Because there was something missing. Something that hurt so badly to think about, she was certainly not going to speak about it. Ever. Not to anyone. Especially not to Sam, who’d always had a sixth sense about those things. An ability to see beneath the surface. To read between the lines. Which probably had served him well as a doctor.
She was saved from answering when she spotted her friends Pete and Donna Lamb in the restaurant. She might have only smiled at them across the room. But, given the circumstances, the fact that Sam was looking at her expectantly, waiting for her to continue with a story she didn’t want to tell, she waved at them and beckoned them to their table.
Sam turned and stiffened when he saw them. Hayley didn’t know what kind of history he’d had with them, but his scowl indicated it wasn’t a pleasant one. Nevertheless he stood and smiled politely when they reached the table. Someone along the line must have taught him manners, Hayley thought, and wondered who and when. Maybe it was a class in bedside manners at medical school.
“Donna, you remember Sam Prentice, don’t you?” she asked. “Sam’s taking over Grandpa’s medical office for a few months.”
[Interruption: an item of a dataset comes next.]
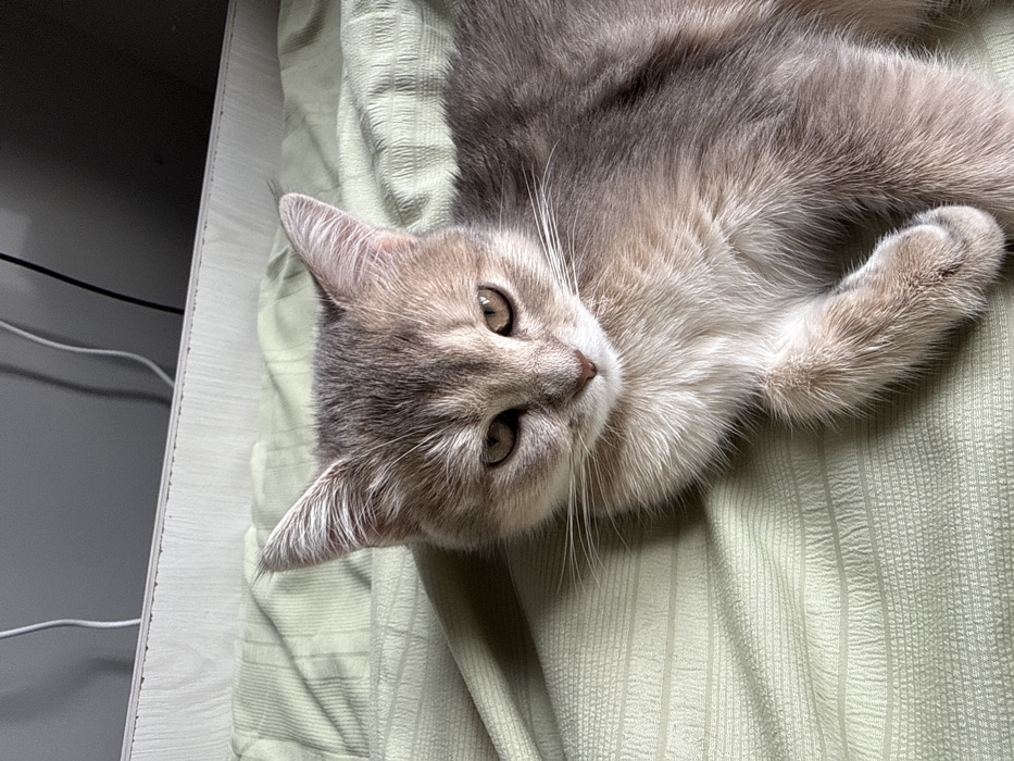 - "A domestic cat, displaying a diluted tabby pattern with light grey-brown fur and cream-colored underparts and paws, is depicted lying on a light green, horizontally textured fabric, likely a blanket or bed sheet" by FM-zShZ92, licensed under CC BY 4.0

“Hi, Sam. Welcome back. You probably don’t remember me,” Donna said with a smile while Pete shook his hand.
“Yes, I do. You were a cheerleader.” He remembered her only too well. One of the popular girls in Hayley’s tight, little crowd. Her husband had been on the football team. Sam fought off a strong inclination to dislike them both as much as he’d envied them so man
y years ago. Envied the security of their decent homes, parents who cared, money to buy food and clothes. He told himself things had changed. Donna didn’t act or look snobbish the way he remembered. And Pete seemed like a nice enough guy who’d put on a few pounds since his varsity days.
“Won’t you join us?” he asked.
“We’re just leaving,” Donna said. “I just wanted to say hello.”
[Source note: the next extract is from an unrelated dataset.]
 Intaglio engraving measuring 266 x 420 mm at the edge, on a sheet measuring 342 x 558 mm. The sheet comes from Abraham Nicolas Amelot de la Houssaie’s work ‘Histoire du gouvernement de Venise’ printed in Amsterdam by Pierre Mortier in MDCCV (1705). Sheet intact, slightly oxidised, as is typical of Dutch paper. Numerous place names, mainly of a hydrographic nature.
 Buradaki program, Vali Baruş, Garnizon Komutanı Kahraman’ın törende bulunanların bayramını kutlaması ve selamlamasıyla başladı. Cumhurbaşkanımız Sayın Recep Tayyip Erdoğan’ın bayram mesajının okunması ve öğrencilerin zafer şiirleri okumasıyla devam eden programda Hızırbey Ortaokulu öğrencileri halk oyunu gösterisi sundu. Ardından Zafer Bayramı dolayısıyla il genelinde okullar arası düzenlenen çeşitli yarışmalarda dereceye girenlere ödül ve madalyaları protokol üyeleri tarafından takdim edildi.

“Low tide tomorrow at 7:00 a.m.,” Pete said. “You two up for some serious digging and eating? Bet you haven’t had anything like an Esperanza Bay clam since you left New Hope, Sam.”
“It’s been a while,” he said, shooting Hayley a suspicious look. Was it coincidence that everyone was trying to get him out digging clams? The truth was he’d never tasted a clam fresh out of the bay. He’d dug clams all right, but instead of rushing home to steam them in white wine and garlic, the way other beachcombers did, he’d sold them to the cook shack at the pier to make money. He’d had clams since then, at the finest restaurants, steamed and stuffed, in soups and salads, but never in his hometown.
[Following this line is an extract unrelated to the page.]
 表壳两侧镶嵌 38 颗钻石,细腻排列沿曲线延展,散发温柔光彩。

“So what do you say?” Pete asked, his gaze moving from Sam to Hayley.
“Count me in,” Hayley said. “I’ve got a new recipe for chowder I want to try.”
Three heads swiveled in Sam’s direction, waiting for him to say something. He thought of spending another day by himself and decided it wouldn’t hurt to spend it with Hayley and her friends. As long as it wasn’t just the two of them, things shouldn’t get too intense. On the other hand, he was more curious than ever about her life during the past seventeen years. She hadn’t said it, but he felt sure there was more to her divorce than “irreconcilable differences.” Her normally open expression had closed when he tried to find out more.